WASHINGTON – An increasing number of attorneys general are refusing to defend state laws banning same-sex marriage, drawing fire from critics who believe it is their duty to protect these statutes against challenges under federal law.

Since two landmark decisions on same-sex marriage by the Supreme Court last year, gay marriage advocates have turned their attention to legal challenges to state laws prohibiting such unions.

After the Supreme Court left standing in June an order striking down California’s ban on gay marriage, without ruling whether similar laws should remain in place, federal appeals courts have been left dealing with the issue.

Gay couples are filing lawsuits in states where voters approved anti-gay marriage amendments to their state constitutions.

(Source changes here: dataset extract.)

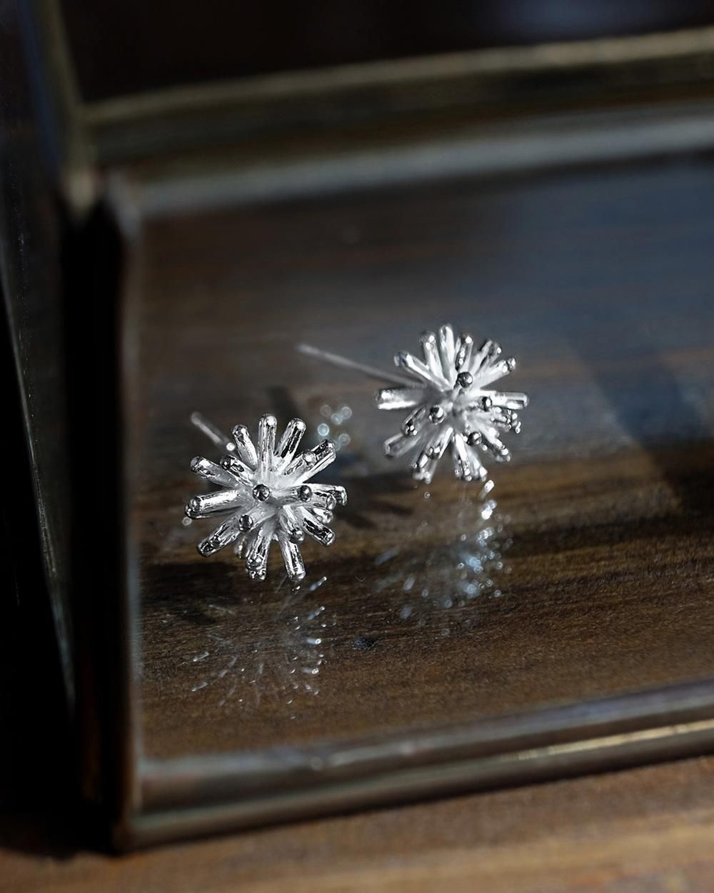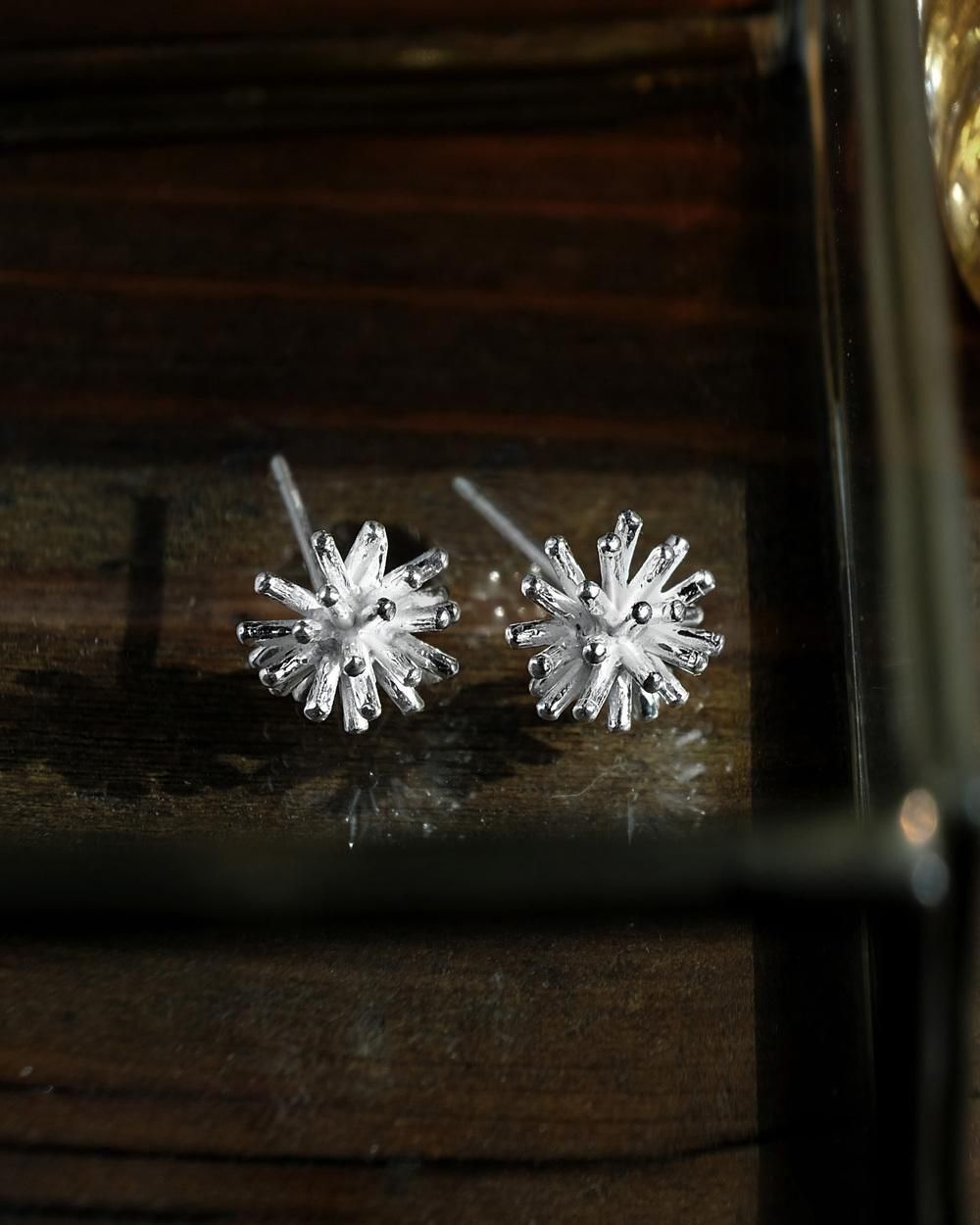 正面はもちろん、横からのアングルも美しく印象的に決まるピアスです。

Judges have recently struck down same-sex marriage bans in Kentucky, Ohio, Virginia, Oklahoma, Utah, and Texas.

The Supreme Court issued two major rulings on same-sex marriage last year. In United States v. Windsor, the court found unconstitutional a part of the Defense of Marriage Act (DOMA), which withheld federal recognition of same-sex marriages and denied federal benefits to those in such unions.

In the other case, the Supreme Court allowed to stand a federal judge’s opinion that California’s Proposition 8, which bans same-sex marriage, was unconstitutional.

In 2011, Attorney General Eric Holder refused to defend DOMA in court, but announced the Department of Justice would continue to enforce the law while it existed.

Same-sex marriage is legal in 17 U.S. states and the District of Columbia.

The nation’s highest court has not weighed in on whether same-sex couples have a constitutional right to marry, shifting the legal battleground, for now, to the states.

Six attorneys general – all Democrats – have decided against defending their states’ gay marriage bans from challenges. Attorneys general in Nevada, Oregon, Pennsylvania and Virginia have refused to defend bans on gay marriage. Similarly, attorneys general in California and Illinois refused to defend bans that were later overturned by the states.

Speaking in a panel discussion at the Heritage Foundation on Friday, former Virginia Attorney General Ken Cuccinelli said attorneys general can only decline to defend laws that are “blatantly unconstitutional.”

“The standard for attorneys general declining to defend state law or constitutional provision has been consistent for many years,” Cuccinelli said. “An attorney general must defend anything not blatantly unconstitutional, not ones that he or she really want to be unconstitutional, but that it is, as a matter of objective law, clearly against the Constitution.”

Last month, Holder said in a New York Times interview that state attorneys general do not have to defend laws they consider discriminatory, including bans on gay marriage. A few days later, Holder argued in a speech to the National Association of Attorneys General that laws distinguishing among people based on their sexual orientation violate the Constitution’s equal protection clause, citing the Supreme Court’s decision in United States v. Windsor.